First set, first game, serve Novak Djokovic: “We are ready to defend what rightfully belongs to us: Kosovo is Serbia,” proclaimed the star in a video back in 2008, when Kosovo declared its independence.
And so comes what had to come: In Wimbledon, immediately before an important game, her son Novak and the entire family of Scotland Yard were held in the accommodation, says mother Dijana. The reason: Supposedly, she knew this from a neighbor, Albanian groups, “probably drug addicts,” appeared on the scene. “They wanted to kidnap my dogs and demand ransom for them,” says Dijana Djokovic. The four-legged friends remained unharmed, but the son’s concentration suffered. So much so that he ended up losing his match.
But something like that can’t shake a real fighter. When asked about his statements from three years ago in 2011, Novak Djokovic defiantly told the “Spiegel”: “I don’t regret what I said.
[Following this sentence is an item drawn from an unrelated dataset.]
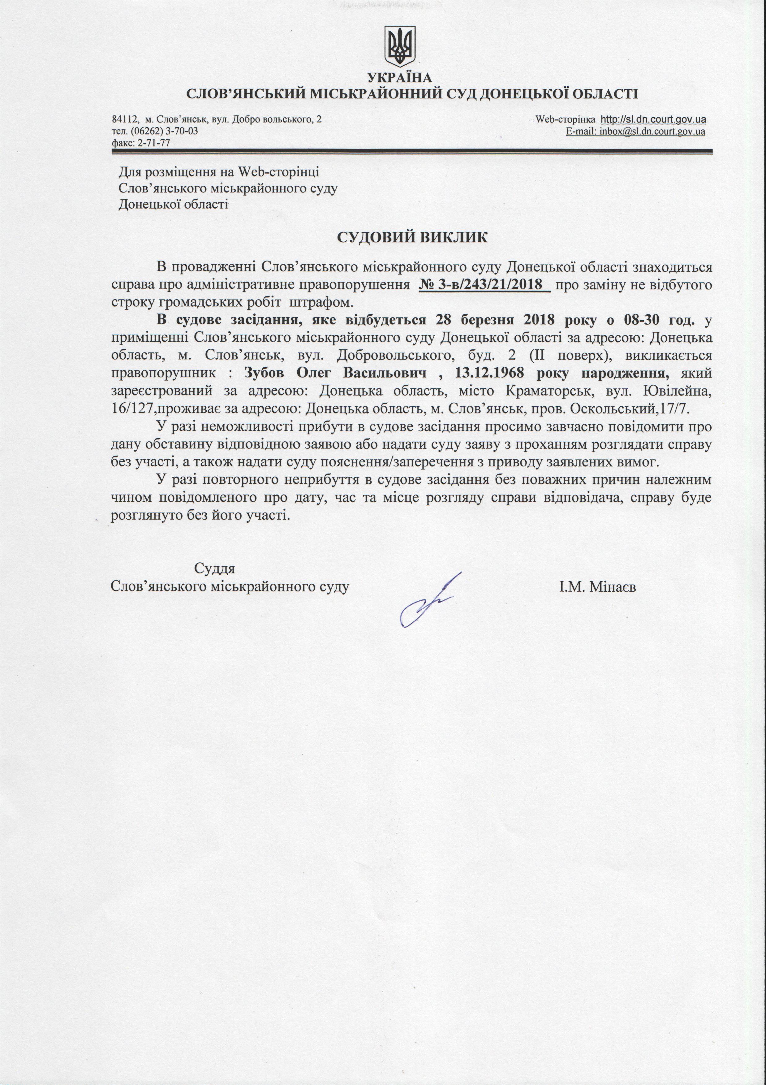 Оголошення по справі про адміністративне правопорушення №3-в/243/21/2018 про заміну не відбутого строку громадських робіт штрафом.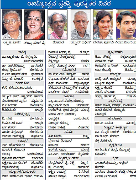 ಮೂಡ್ನಾಕೂಡು ಬಿ.ಚಿನ್ನಸ್ವಾಮಿ, ಶೂದ್ರ ಶ್ರೀನಿವಾಸ್ ಸೇರಿದಂತೆ ಸಾಹಿತ್ಯ ಕ್ಷೇತ್ರದ ಐವರು ಹಾಗೂ ‘ಪ್ರಜಾವಾಣಿ’ ನಿವೃತ್ತ ಸಹಾಯಕ ಸಂಪಾದಕ ಲಕ್ಷ್ಮಣ ಕೊಡಸೆ ಸೇರಿದಂತೆ ಐವರು ಪತ್ರಕರ್ತರನ್ನು ಪ್ರಶಸ್ತಿಗೆ ಆಯ್ಕೆ ಮಾಡಲಾಗಿದೆ. ಮುಖ್ಯಮಂತ್ರಿ ಸಿದ್ದರಾಮಯ್ಯ ಅಧ್ಯಕ್ಷತೆಯ ಉನ್ನತ ಮಟ್ಟದ ಸಮಿತಿ ಪ್ರಶಸ್ತಿ ಪುರಸ್ಕೃತರನ್ನು ಆಯ್ಕೆ ಮಾಡಿದೆ. ಗುರುವಾರ ಸಂಜೆ ಮುಖ್ಯಮಂತ್ರಿಯವರ ಗೃಹ ಕಚೇರಿ ಕೃಷ್ಣಾದಲ್ಲಿ ಸಿದ್ದರಾಮಯ್ಯ ಅವರನ್ನು ಭೇಟಿ ಮಾಡಿದ ಕನ್ನಡ ಮತ್ತು ಸಂಸ್ಕೃತಿ ಸಚಿವೆ ಉಮಾಶ್ರೀ ಅವರು ಪ್ರಶಸ್ತಿ ಪುರಸ್ಕೃತರ ಪಟ್ಟಿಗೆ ಅನುಮೋದನೆ ಪಡೆದರು. ಬಳಿಕ ಪಟ್ಟಿಯನ್ನು ಪ್ರಕಟಿಸಲಾಯಿತು.

We want justice, but we just can’t get it.” According to the 20-time Grand Slam winner, Kosovo is “my family’s original home and the cradle of the entire Serbian culture”.
Lullaby and battle anthem
And none other than Novak Djokovic sings her lullaby: When he wins the ATP Cup with the Serbian national tennis team in 2020, the winners don’t sing “We Are the Champions”, as is usual in stadium catacombs after glorious victories – no, In this case, the testosterone releases very special sounds: namely “Vidovdan”, a former folk song that became a kind of battle anthem of the notorious Serbian paramilitaries during the Yugoslav wars of secession: “The battle remains like an eternal flame that burns in our hearts around the Amselfeld truly”
As light-footedly as Novak Djokovic dances across the tennis courts of this world, he staggers through the minefield of the past. “It seems as if he has two faces,” says Herwig Straka, Austria’s most prominent tournament organizer and ex-manager of Dominic Thiem. “When he’s on the tennis circuit, he’s completely normal, fluent in several languages and extremely friendly.” And yet it seems to Straka that Djokovic always manages to “draw strength from his suffering”.
Saša Ozmo, Serbian TV journalist and long-time companion of the national hero, says: “He experienced NATO bombings, slept in the air-raid shelter and smelled the smell of blood at night. His origins, the war and the poverty in Serbia made him strong .”
Oppressed underdog
On the pitch, Djokovic is always the outsider, the bogeyman. Because he tends to choleric outbursts more than others – one might think. But even his ex-coach Boris Becker uses the narrative of the racially oppressed underdog: “The tennis world has been divided into fans of Federer and Nadal for 20 years – a Serb comes along and ruins the party. He doesn’t come from neutral Switzerland, not out popular Spain, he comes from a civil war country called Serbia. Those aren’t ideal omens,” says Becker. Although Aleksandar Vučić could have said the same thing.
And so Milorad Dodik, the ultra-nationalist leader of the Bosnian Serbs and a stubborn genocide denier, has long had his eye on the big son from the heartland: he invited him to his wedding and decorated him with the highest medal in his part of the country. An award previously only bestowed on select figures in Serbian history: Radovan Karadžić, convicted war criminal responsible for the siege of Sarajevo. And Ratko Mladić, convicted war criminal responsible for the Srebrenica massacre. The man whose graffiti has adorned the old town of Belgrade since the summer of last year: it is an oversized symbolic image – also for the parallel world of world star Novak Djokovic.